We applied DAISY to identify the SL-partners of VHL, MSH2 and PARP1, and the Synthetic
Dosage Lethal (SDL)-partners of KRAS. DAISY examined overall 7,276 gene-pairs that were
experimentally examined in one of the screens described above. In the case of KRAS, for which
two large-scale screens were conducted, DAISY examined only genes that were tested in both
screens as potential KRAS SDL-partners. We considered a gene to be an experimentally
identified KRAS-SDL only if it was detected as a KRAS-SDL in both screens. For MSH2, we
mapped between the drugs that were utilized in the screen to their targets according to DrugBank
(Knox et al., 2011), and disregarded drugs with more than one target, to avoid ambiguity.
To rigorously evaluate DAISY's performances in identifying the SL and SDL partners of these
key cancer-associated genes we used the p-values DAISY generated to classify, in an
unsupervised manner, between SL and non-SL gene pairs or SDL and non-SDL genes. As
described in the Experimental Procedures, DAISY computes for every dataset and every pair of
genes a p-value that denotes the significance of the association between the genes according to
the pertaining dataset (prior to the correction for multiple hypotheses testing). For every
inference procedure we combined the p-values obtained by its datasets into a single p-value per
gene-pair via Fisher's combined probability test, also known as Fisher's Method (Mosteller and
Fisher, 1948).
SoFpvalue(A,B)=Fisher's_Method({SoFpvalue,I(A,B)| I∈ SoFdatasets})

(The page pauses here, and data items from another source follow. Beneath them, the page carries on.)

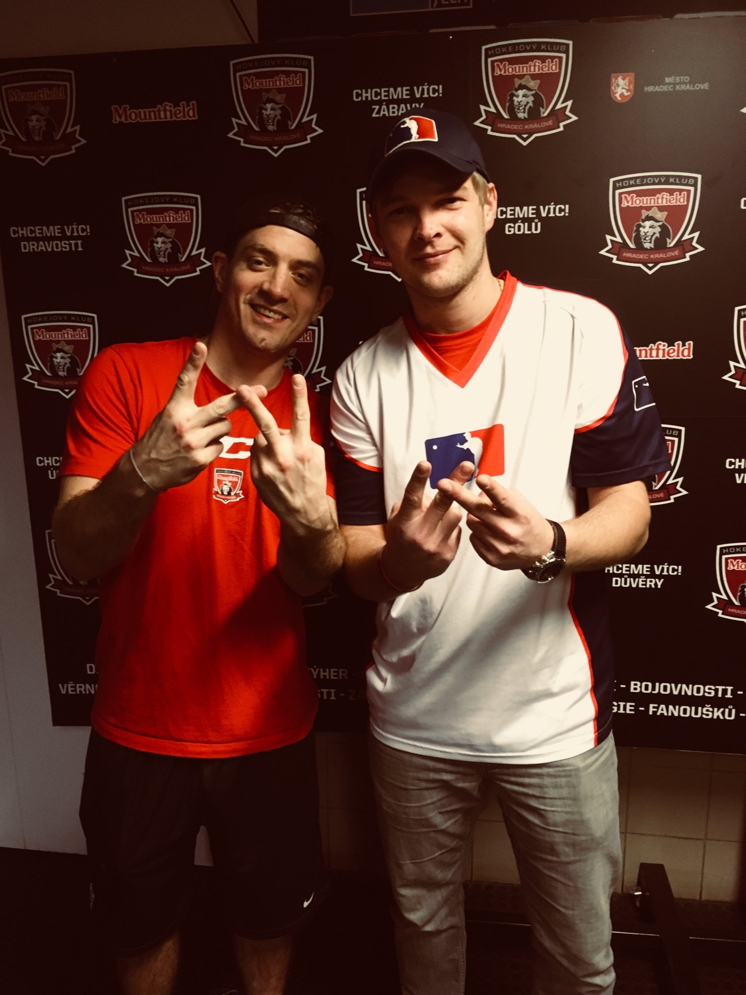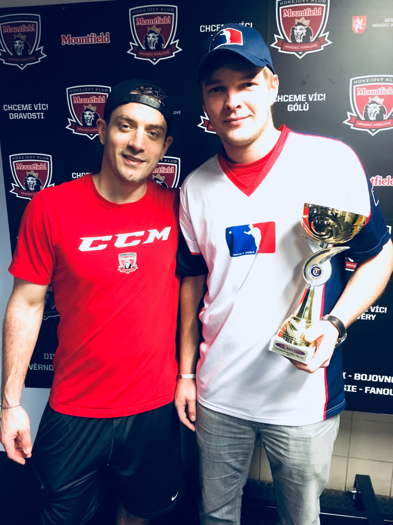 Ted má rád hokej a tak není divu, že fototo s pohárem z Truta 2017 (1. místo a Tedův první HR za WW) jako fanoušek Hradce Králové pořídil společně s hokejistou Mountfield HK Petrem Koukalem, čímž potěšil i nás pardubáky. Petr Koukal hrál za Dynamo 11 sezón. Já rivalitou Perníkov – Mechov rozhodně netrpím. Mám radost, že si Ted dal s fotkou práci – myšleno nápad i realizace. Tede díky.
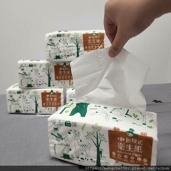所以現在我公公去家樂福的時候我都會推坑他用這款家樂福抽取式花紋衛生紙FSC,
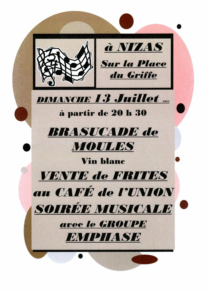 Brasucade de moules place du Griffe à Nizas , dimanche 13/07 à partir de 20h30
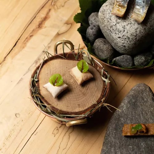 Dans un presbytère du XVIIe siècle aux portes de Béziers, Äponem cultive sept potagers en permaculture qui alimentent une cuisine de marché récompensée par une Étoile Verte Michelin. La salle ouvre sur un panorama de collines languedociennes, tandis que la terrasse ombragée de glycine accueille les déjeuners d'été. Le nom signifie « bonheur » en langue Pataxó—une promesse tenue à chaque assiette.
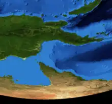 Archaeological evidence indicates that humans first arrived in Papua New Guinea around 42,000 to 45,000 years ago. They were descendants of migrants out of Africa, in one of the early waves of human migration.[26] A 2016 study at the University of Cambridge by Christopher Klein et al. suggests that it was about 50,000 years ago that these peoples reached Sahul (the supercontinent consisting of present-day Australia and New Guinea). The sea levels rose and isolated New Guinea about 10,000 years ago, but Aboriginal Australians and Papuans diverged from each other genetically earlier, about 37,000 years BP.[27] Evolutionary Geneticist Svante Pääbo found that people of New Guinea share 4%–7% of their genome with the Denisovans, indicating that the ancestors of Papuans interbred in Asia with these archaic hominins.[28]
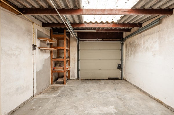 Aansluitend bevinden zich de bijkeuken en een gang met toegang tot een slaapkamer en een badkamer met toilet en wastafel. Daarnaast zijn er een wasruimte en een garage aanwezig — ideaal voor opslag of het parkeren van een auto.
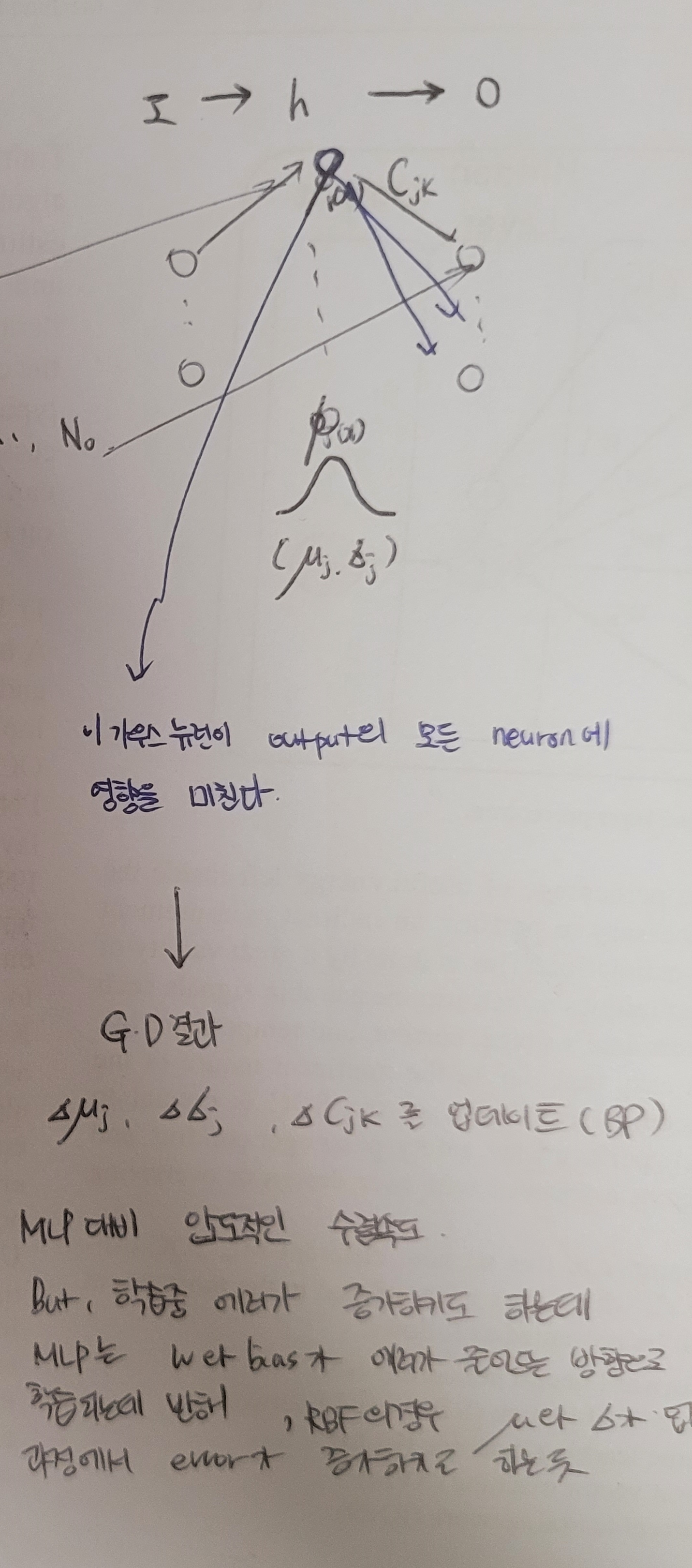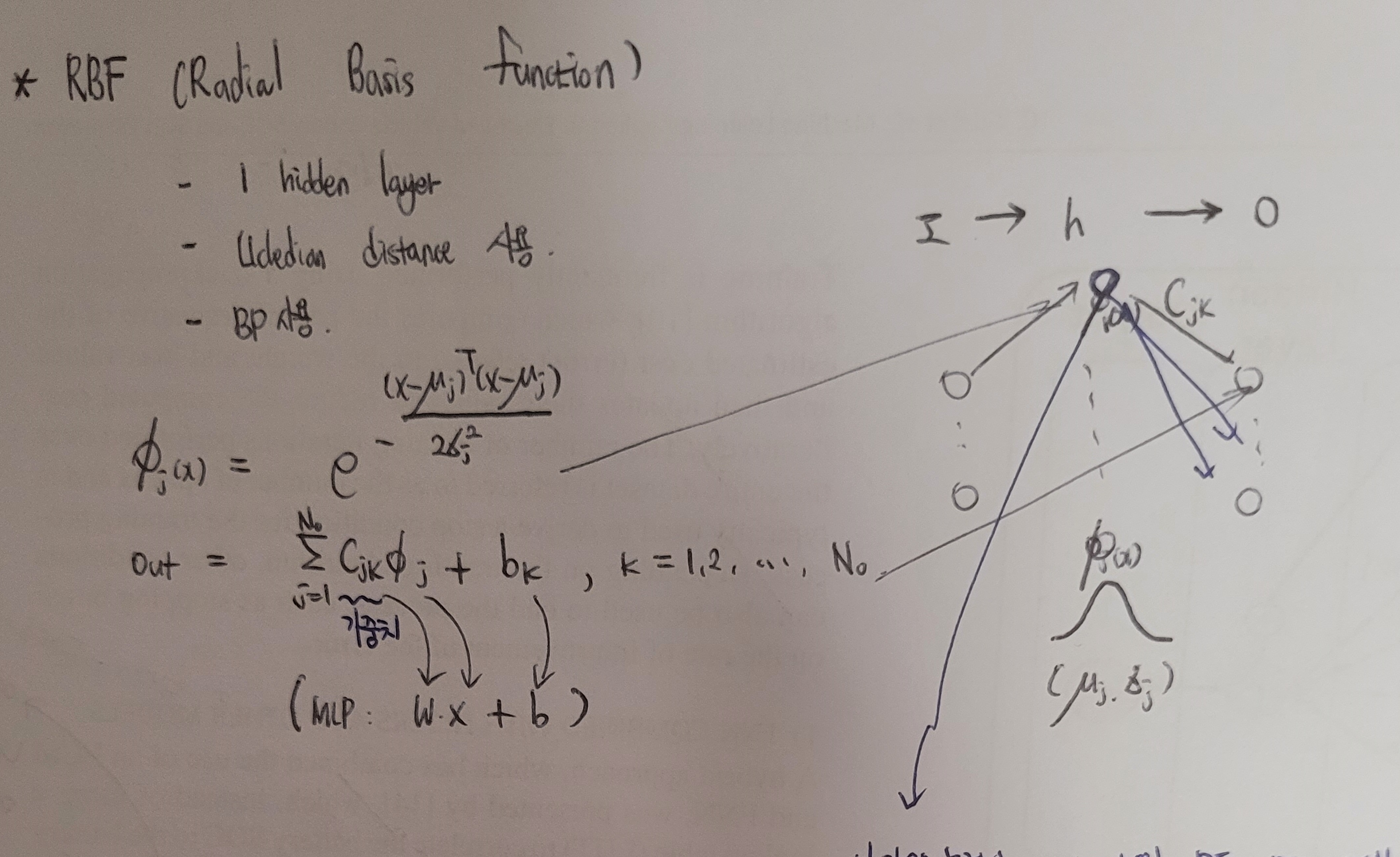 제가 필기한걸 캡쳐해보았는데요, RBF는 1개 히든레이어를 가진 뉴럴네트워크입니다.
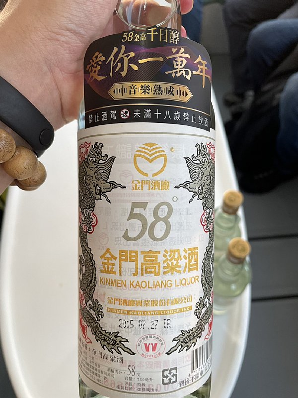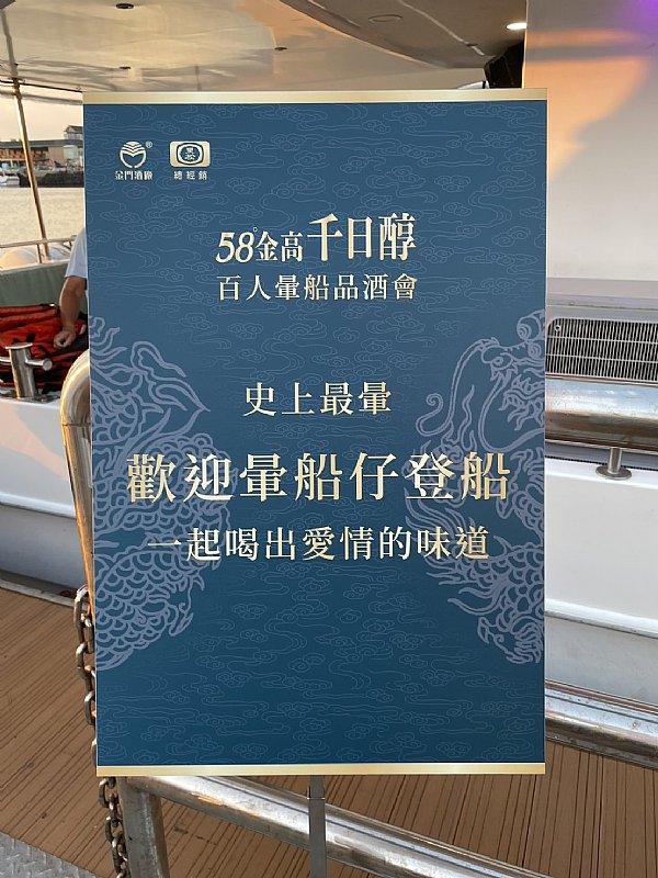 上了船才知道是要喝情歌熟成的金門高粱。
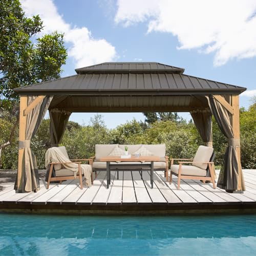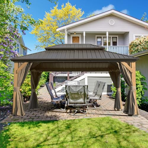 ENHANCED VENTILATION: With a double-tier roof design, the domi wood gazebo 12'x16' ensures efficient airflow and protection from strong winds and rain. The powder-coated metal roof provides shade, enabling comfortable outdoor gatherings in any weather.

shRNApvalue(A,B)=Fisher's_Method({shRNApvalue,I(A,B)| I∈shRNAdatasets})
mRNApvalue(A,B)=Fisher's_Method({mRNApvalue,I(A,B)| I∈mRNAdatasets})
We further integrated the three combined p-values into one p-value per gene-pair, again via
Fisher's method, when considering all inference procedures or only the SoF and co-expression
procedures.
SoF_mRNApvalue(A,B)=Fisher's_Method(SoFpvalue(A,B)∪mRNApvalue(A,B))
Allpvalue(A,B)= Fisher's_Method(SoFpvalue(A,B)∪shRNApvalue(A,B)∪mRNApvalue(A,B)})
We corrected the p-values for multiple hypotheses testing via Bonferroni correction, after their
combination.
Based on each one of the five p-values described above we generate a Receiver Operating
Characteristic (ROC) curve. The ROC-curve plots the fraction of true positives – correctly
predicted SLs or SDLs – out of the total actual positives (true positive rate) vs. the fraction of
false positives – falsely predicted SLs or SDLs – out of the total actual negatives (false positive
rate), across many decision threshold settings. The latter is an increasing p-value threshold,
starting from the most stringent definition that results in a very small and top-ranked set of
predicted SL and SDL pairs, and moving towards a more permissive setup in which more gene
pairs are predicted to interact. The resulting Area Under the Curve (AUC) of the ROC-curve is a
conventionally used measure of the overall performance of a classifier, where an AUC of 0.5
denotes the performance of a random predictor and an AUC of 1 denotes the performance of an
ideal predictor.
We computed an empirical p-value for the obtained AUC by randomly shuffling the labels
10,000 times, and re-computing the AUC with the random labels. We then counted the number
of times a random AUC was greater or equal to the original AUC. This number divided by
10,000 is the empirical p-value of the AUC.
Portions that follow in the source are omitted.